Oxfam-Studie: Vermögensschere wächst dramatisch – Superreiche profitieren, Milliarden hungern
Extreme Ungleichheit verschärft sich weltweit
Zum Auftakt des Weltwirtschaftsforums in Davos hat die Entwicklungsorganisation Oxfam erneut alarmierende Zahlen zur weltweiten Vermögensverteilung vorgelegt. Der neue Bericht mit dem Titel „Takers not Makers“ zeigt auf, dass die reichsten Menschen der Welt in einem nie dagewesenen Tempo reicher werden – während gleichzeitig hunderte Millionen Menschen in Armut und Hunger leben.
Im Jahr 2024 sind laut Oxfam weltweit 204 neue Milliardäre hinzugekommen. Insgesamt zählt die Welt derzeit 2.769 Milliardärinnen und Milliardäre. Ihr kumuliertes Vermögen ist innerhalb eines Jahres von 13 auf 15 Billionen US-Dollar gestiegen – ein Zuwachs von rund 15 Prozent. Besonders auffällig: Bei den zehn reichsten Milliardären wuchs das Vermögen durchschnittlich um 100 Millionen US-Dollar pro Tag.
Hunger nimmt zu, Armut stagniert
Gleichzeitig verschärft sich die humanitäre Lage in vielen Teilen der Welt. Laut Oxfam haben derzeit 733 Millionen Menschen nicht genug zu essen – das sind 152 Millionen mehr als noch 2019. Fast 3,6 Milliarden Menschen leben unterhalb der erweiterten Armutsgrenze der Weltbank von 6,85 US-Dollar pro Tag. Dieser Wert stagniert seit über drei Jahrzehnten.
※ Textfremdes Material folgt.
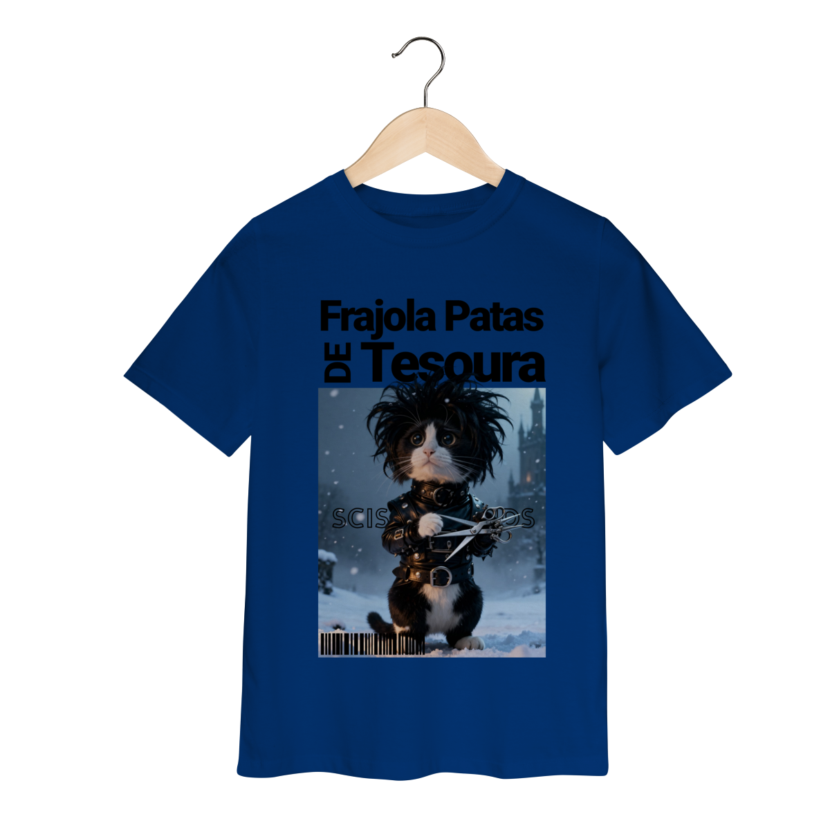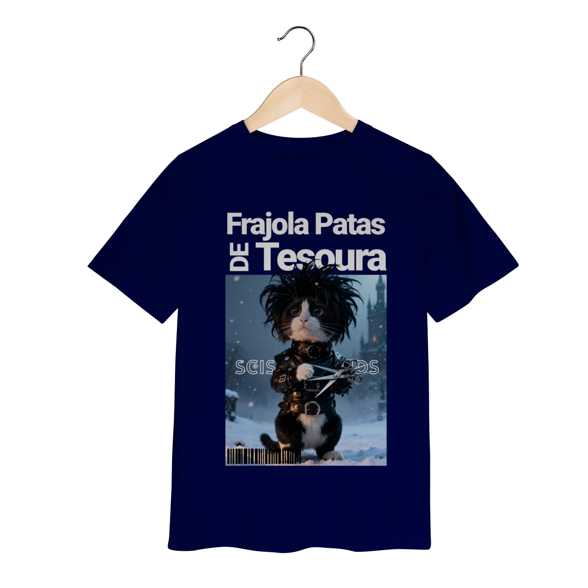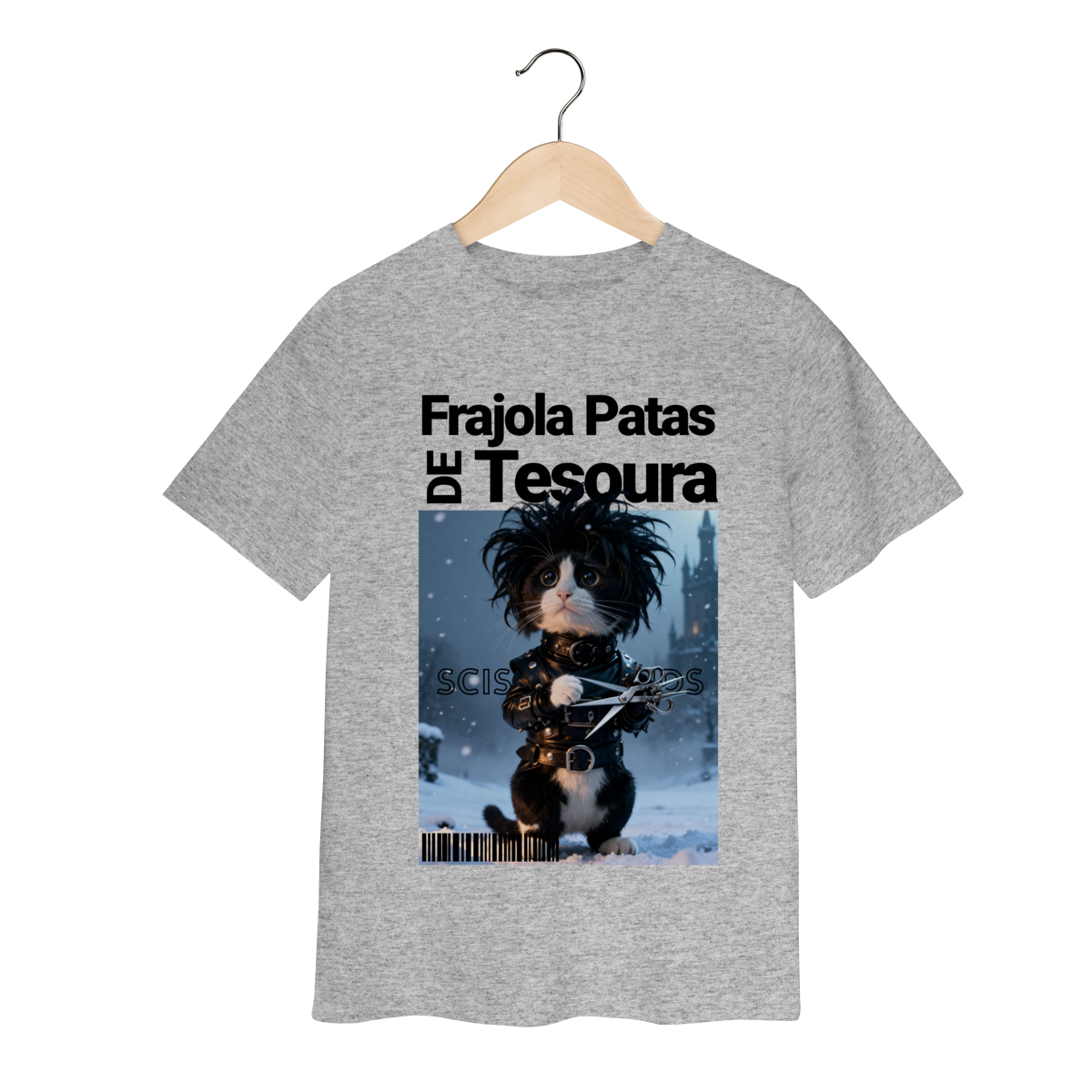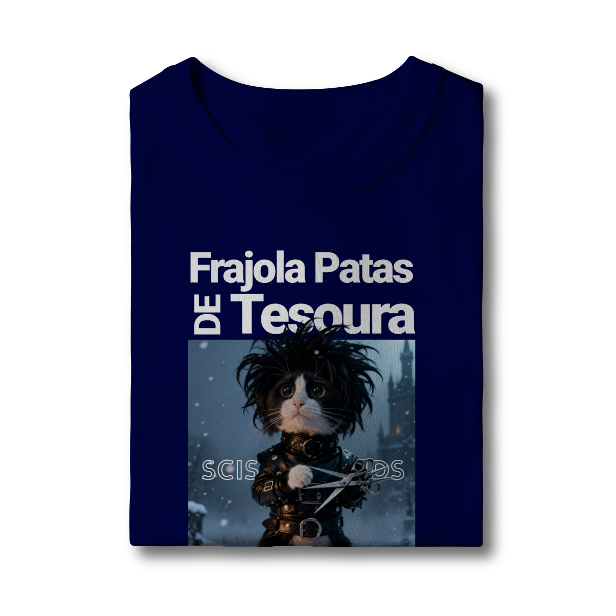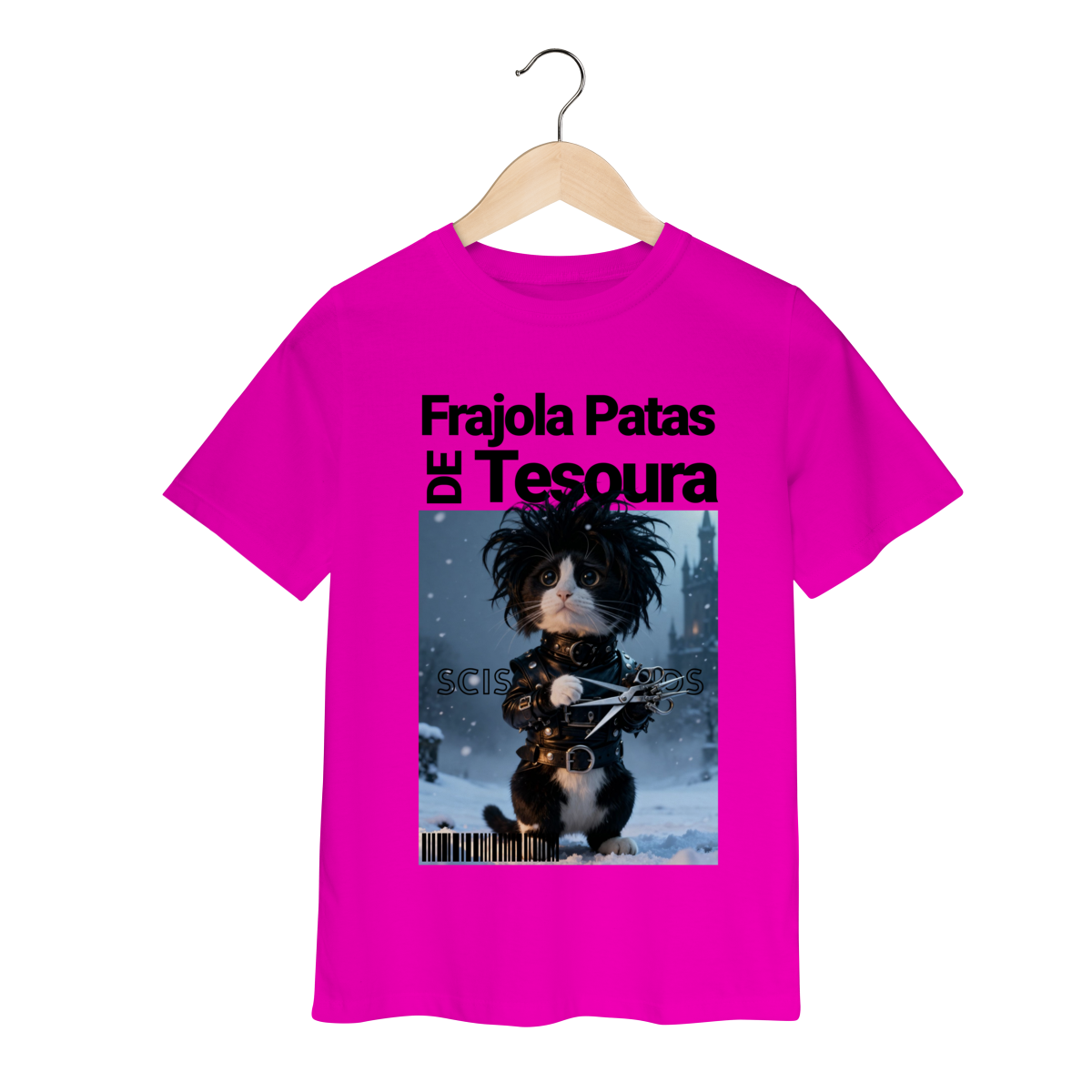 A camiseta “Frajola Patas de Tesoura” traz uma releitura divertida e estilizada do clássico personagem de tesouras — só que agora reinventado como um gatinho dramático, fofo e cheio de personalidade.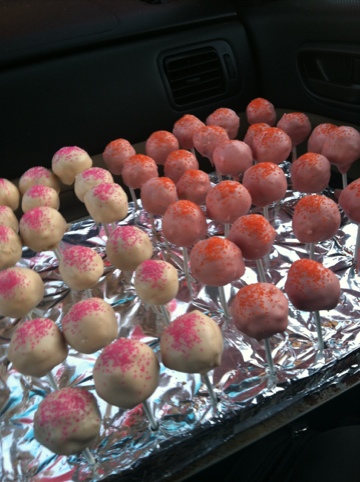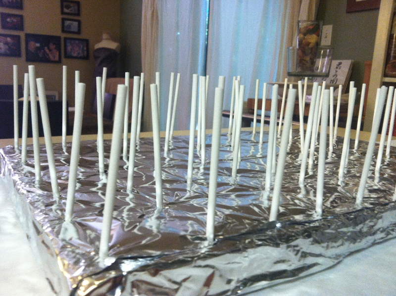 Step 13: Coat balls with melted candy. swirl and tap. Like my Bare Minerals makeup? Yes, I guess. That seems foolish. It doesn’t even look like you have makeup on. I don’t. Then shut the fuck up. Place popballs on foam board to dry. PUT IN REFRIGERATOR.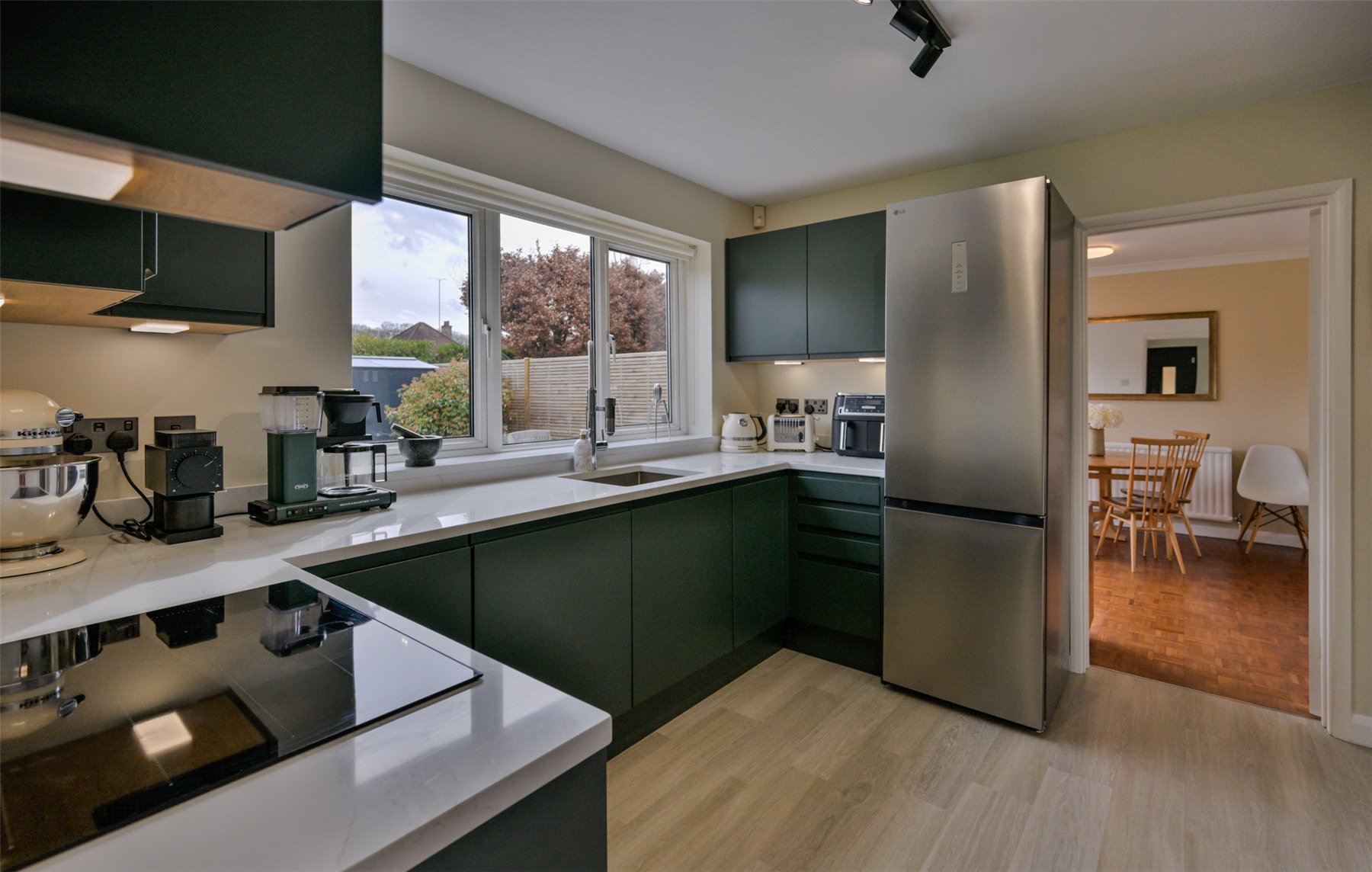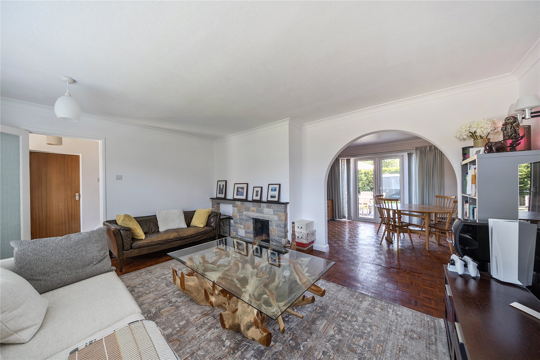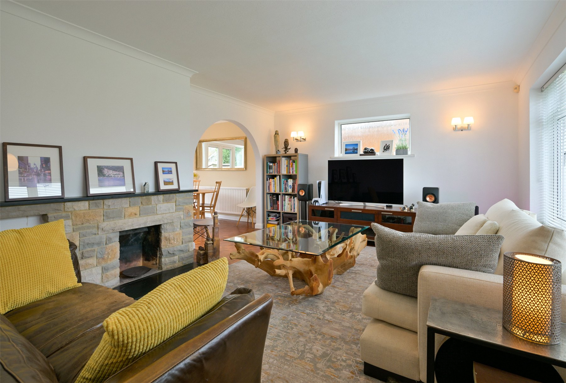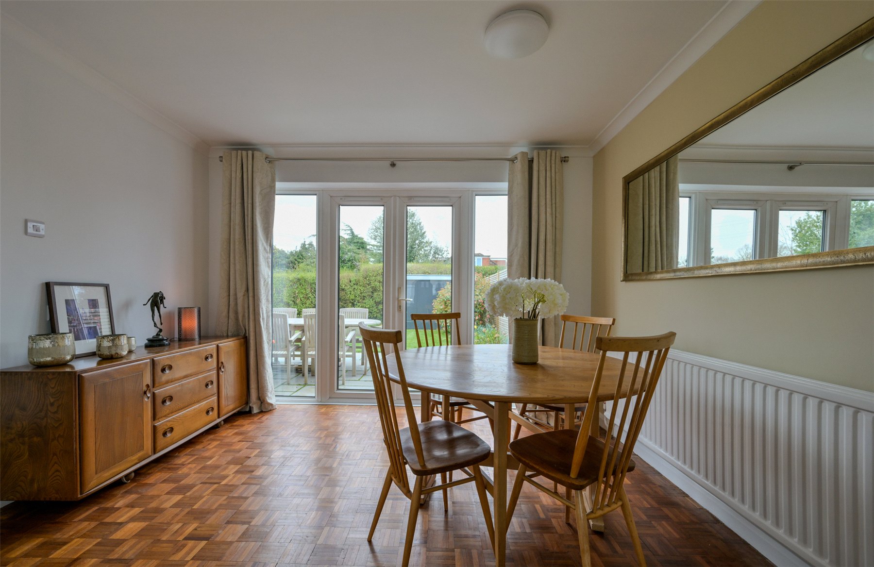 Upon entering, the welcoming entrance hall features a convenient WC, while stunning parquet flooring flows seamlessly through to the principal reception rooms. The sitting room enjoys a large picture window that floods the space with natural light and offers a pleasant outlook over the front garden. An open fireplace provides a cosy focal point, creating a perfect setting for relaxing evenings.
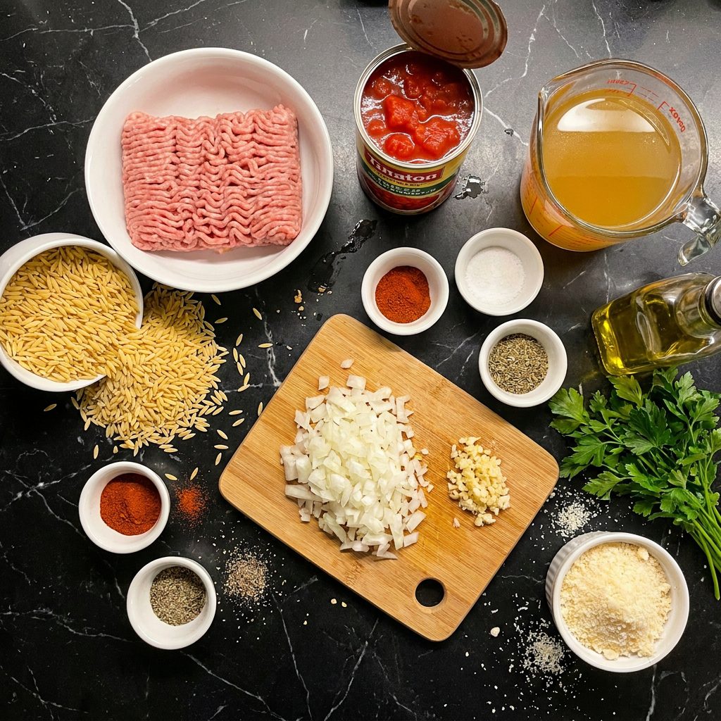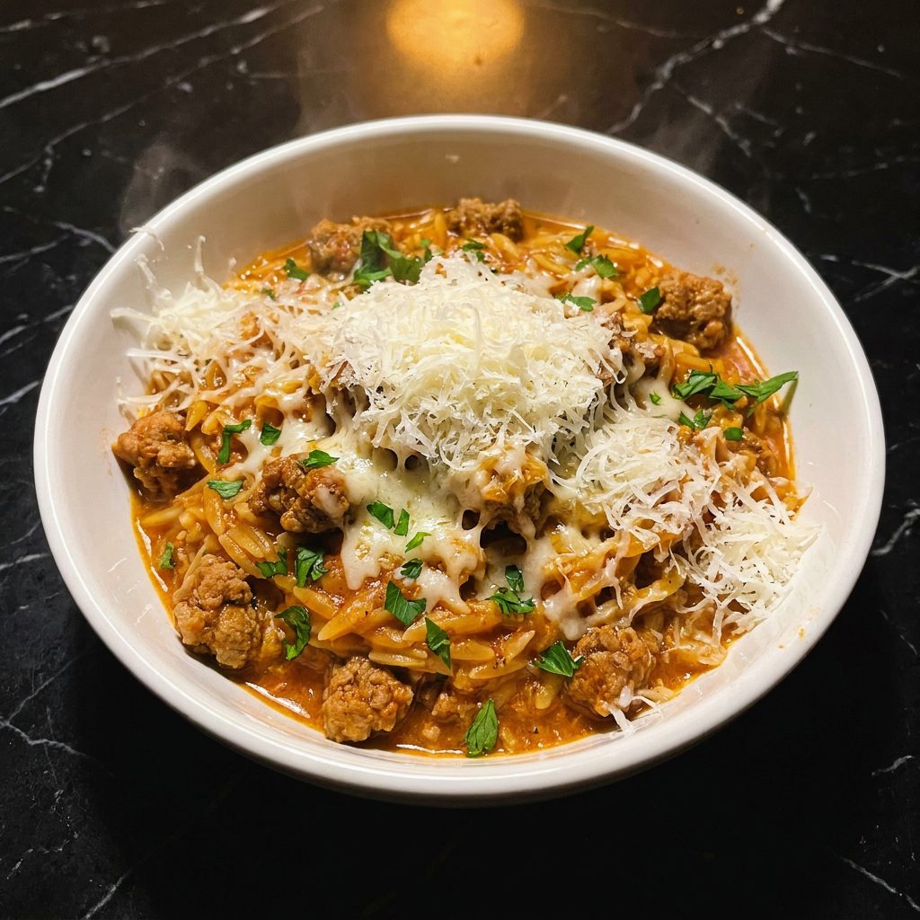 The genius of this recipe is that the orzo cooks directly in the seasoned broth alongside the turkey — which means every tiny grain of pasta absorbs that incredible savory tomato flavor as it cooks instead of just sitting in plain water. By the time the liquid is absorbed the orzo is creamy, tender, and packed with flavor all the way through. The Parmesan stirred in at the end takes it from great to absolutely luxurious.

Oxfam kritisiert, dass trotz wachsender Not keine nachhaltige Armutsbekämpfung erfolgt. Stattdessen profitieren die Reichsten systematisch von bestehenden Ungleichheiten und nutzen ihre Macht, um Strukturen zu stabilisieren, die ihnen Vorteile sichern.
Deutschland: Steigendes Vermögen, ungleiche Chancen
Auch in Deutschland zeigt sich der Trend zur Vermögenskonzentration. Im Jahr 2024 stieg das Gesamtvermögen der deutschen Milliardäre um 26,8 Milliarden US-Dollar auf nunmehr 625,4 Milliarden US-Dollar. Neun neue Milliardäre wurden registriert – damit liegt Deutschland mit insgesamt 130 Milliardären weltweit auf Platz vier hinter den USA, China und Indien.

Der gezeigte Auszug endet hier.